Martin Haspelmath (/de/; born 2 February 1963 in Hoya, Lower Saxony) is a German linguist working in the field of linguistic typology. He is a researcher at the Max Planck Institute for Evolutionary Anthropology in Leipzig, where he worked from 1998 to 2015 and again since 2020. Between 2015 and 2020, he worked at the Max Planck Institute for the Science of Human History. He is also an honorary professor of linguistics at the University of Leipzig.

==Career==
Haspelmath is one of the editors of the World Atlas of Language Structures and the Glottolog online database, one of the founders of the open access publisher Language Science Press, and has worked on the Standard Average European sprachbund.
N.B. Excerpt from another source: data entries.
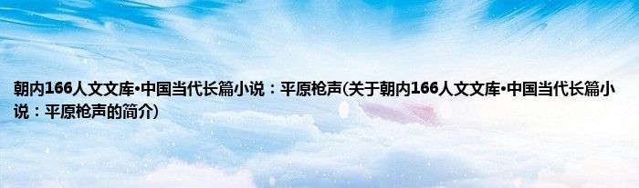 本文关于朝内166人文文库·中国当代长篇小说:平原枪声的简介就讲解完毕,希望对大家有所帮助。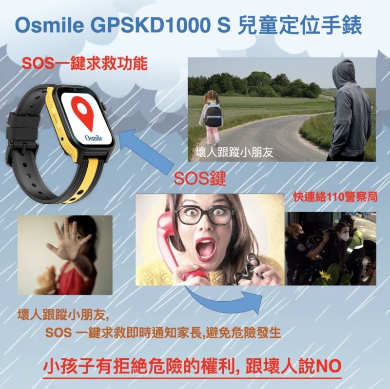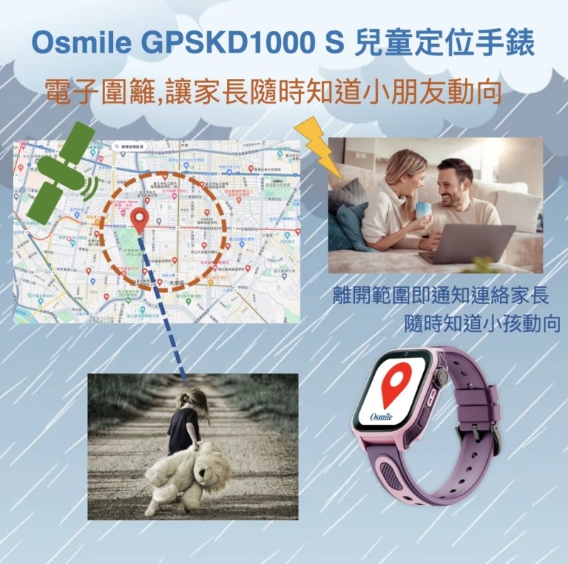 Osmile GPSKD1000-S 個人衛星定位器為協尋輔具,兒童安全最主要還是需要家人負責與關心。另外 Osmile GPSKD1000-S 兒童定位手錶為充電使用裝置及透過4G 訊號通訊,使用者忘記充電或電信公司4G 訊號無法涵蓋的範圍,都有可能造成手錶無法發揮求救通話與定位的功能,以上因素為 Osmile 公司無法掌控的風險與因素。因此Osmile 公司不負責任何穿戴Osmile GPSKD1000-S 兒童走失或安全的相關法律責任。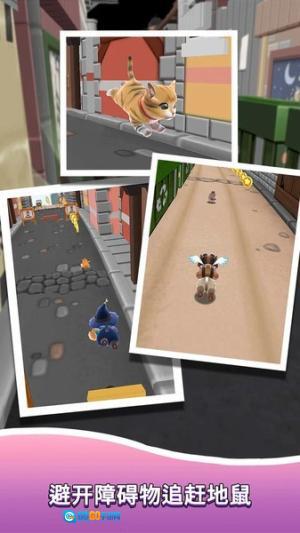 3、收集道具与追捕:在跑酷过程中主动收集金币、食物等道具,同时留意逃跑的老鼠,及时调整方向进行追捕,以此获取额外奖励。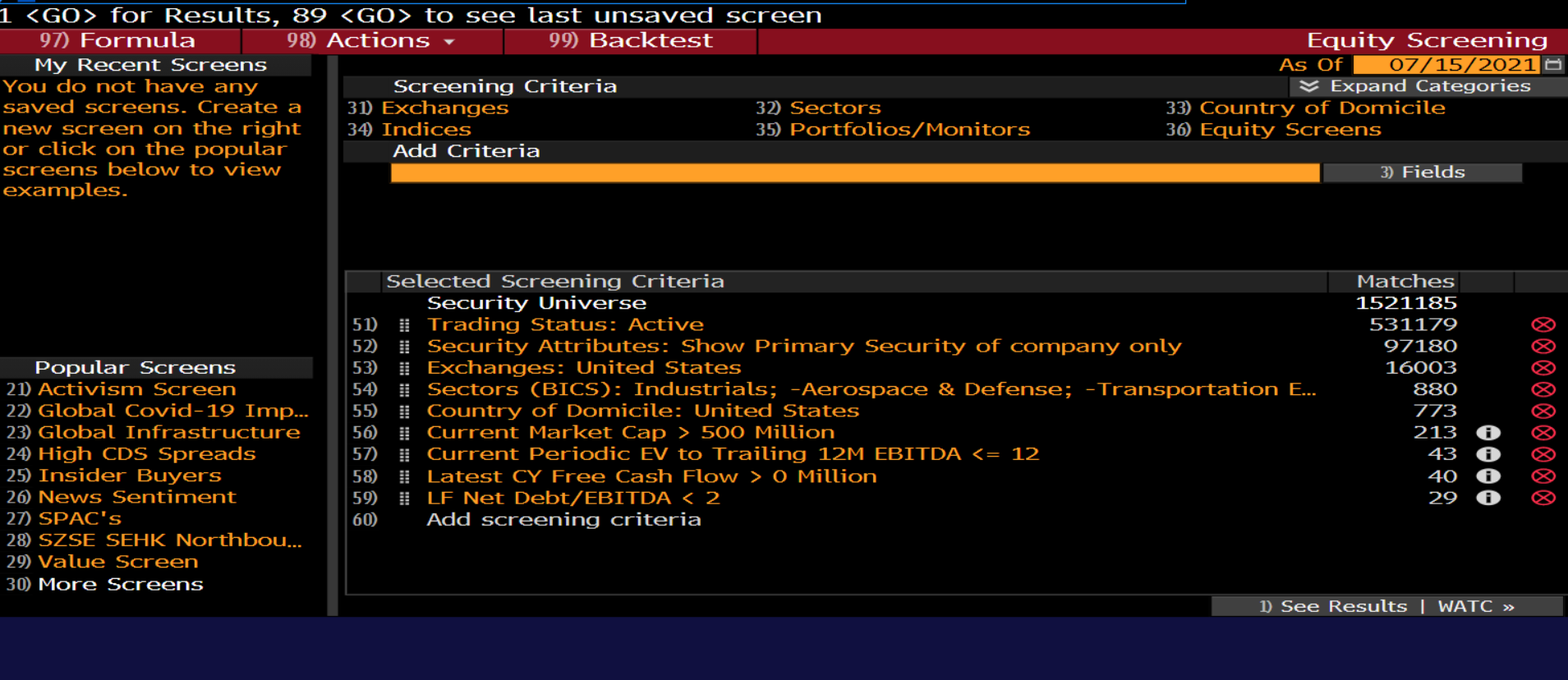 Начать мы можем с построения вселенной релевантных имен, для чего есть два способа: скринер компаний в терминале или исследование секторального индекса. Начнем со скринера: он предстает перед глазами по команде EQS и позволяет отфильтровать все публичные компании планеты практически по любому критерию, который придет в голову. При желании, список можно отфильтровать так, чтобы в нем были только те компании, у CFO которых день рождения совпадает с вашим.

Besides typology, his research interests include syntactic and morphological theory, language change and language contact.

He is a member of the Academia Europaea. According to Google Scholar, his work has been cited over 50,000 times and he has an h-index of 95 (as of February 2026). Very active on social media (Facebook), Haspelmath promotes open access publishing in his postings, and raises bigger cross-disciplinary linguistic issues.

==Publications==
=== Monographs ===
- A grammar of Lezgian. Berlin: Mouton de Gruyter, 1993. — 567 pp. — (Mouton Grammar Library, 9)
- Indefinite pronouns. Oxford: Oxford University Press, 1997. — 364 pp. — (Oxford Studies in Typology and Linguistic Theory)
- From space to time: Temporal adverbials in the world's languages. Munich & Newcastle: Lincom Europa, 1997. — 181 pp. — (Lincom Studies in Theoretical Linguistics, 3)
- Understanding morphology. London: Arnold, 2002. — 290 pp. (second edition: with Andrea D. Sims, London: Hodder Education, 2010, — 366 pp.)

=== Edited volumes ===
- Converbs in cross-linguistic perspective: structure and meaning of adverbial verb forms — adverbial participles, gerunds / Ed. by Martin Haspelmath & Ekkehard König. Berlin: Mouton de Gruyter, 1995. — 565 pp. — (Empirical Approaches to Language Typology, 13)
- Language typology and language universals: An international handbook / Ed. by Martin Haspelmath, Ekkehard König, Wulf Oesterreicher and Wolfgang Raible. Vol. 1–2. Berlin: de Gruyter, 2001. — 1856 pp.
- Coordinating constructions / Ed. by Martin Haspelmath. Amsterdam: Benjamins, 2004. — 576 pp. — (Typological Studies in Language, 58)
- The World Atlas of Language Structures / Ed. by Martin Haspelmath, Matthew S. Dryer, David Gil and Bernard Comrie. Oxford: Oxford University Press, 2005. — 695 pp.
- Loanwords in the World's Languages: A Comparative Handbook / Ed. by Martin Haspelmath & Uri Tadmor. Berlin: Mouton de Gruyter, 2009. — 1081 pp.
- Studies in Ditransitive Constructions: A Comparative Handbook / Ed. by Andrej Malchukov, Martin Haspelmath and Bernard Comrie. Berlin: Mouton De Gruyter, 2010. — 772 pp.